FROM THE ARCHIVES:Autumn is once again the time for knife fights behind the political scenes as the Government prepares to cut spending budgets. Fergus Pyle reported in 1987 on the likely targets that year as Charles Haughey's Fianna Fáil government, elected the previous spring, got down to work in earnest after the summer. – JOE JOYCE
THE GOVERNMENT is poised to begin the last stages of agreeing the 1988 Estimates at its meeting today. The final decisions, now expected to be published early in October, are likely to conform closely to the Taoiseach’s instructions to the Cabinet last May when he told Ministers: “No expenditure should be regarded as sacrosanct and immune to elimination or reduction.”
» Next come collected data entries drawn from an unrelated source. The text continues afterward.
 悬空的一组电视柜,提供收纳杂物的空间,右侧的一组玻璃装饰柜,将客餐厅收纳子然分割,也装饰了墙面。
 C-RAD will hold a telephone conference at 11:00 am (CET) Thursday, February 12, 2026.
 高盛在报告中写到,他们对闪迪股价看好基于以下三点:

Embassies may close, other semi-State bodies may follow. An Foras Forbartha is down the Swanee, and we may see more amalgamations like the ones mooted for the VECs.
All of that, the Government spokesmen insist, is still pure speculation, and until the final bitter package prepared by Ministers is published, fingers will remain crossed right across the public service, where 10,000 jobs are targeted (admittedly over several years), at a potential saving of tens of millions.
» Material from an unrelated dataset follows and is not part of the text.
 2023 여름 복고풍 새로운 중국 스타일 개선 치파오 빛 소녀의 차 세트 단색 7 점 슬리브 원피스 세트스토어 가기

Overall, the Government is looking for savings next year of more than £300 million, which will mean heavy pruning of the largest-spending departments – Health, Education and Social Welfare. Harsh cuts are expected in Education, Foreign Affairs, Industry, Environment, with its massive payments to local government, and Agriculture.
Until the final picture emerges, the impact of the forthcoming cuts is impossible to estimate, apart from specific cases like An Foras Talúntais/ACOT, which could cut 250 jobs and save £4 million – almost exactly 10 per cent of current job levels and budgets, though the job losses could be as high as 500.
Health, already savaged in hospital closures and the rationalisation of facilities in the last six months, is expected to have more of the same, while the reduction of 38 VECs, employing some 6,800 staff at present, could result in a substantial saving in grants now totalling £134 million.
In Education, the impact is likely to be in a sharp reduction of new jobs, as the proposed raising of the school entry age and the pupil-teacher ratio begin to bite.
Savings in Social Welfare, Agriculture and Environment – where £50 million may be cut from grants to local authorities, with a concomitant local tax to make up the shortfall – may not entail many job losses, but there will be less money for grants and services. In the case of Social Welfare, benefits to the unemployed, elderly and other categories may be hit.
It is clear that the second instalment of the Government’s austerity programme, following the crash introduction of immediate measures in the Budget last March, is going to be much wider in its effect, and employ a greater variety of cost-cutting methods than was possible in the last six months.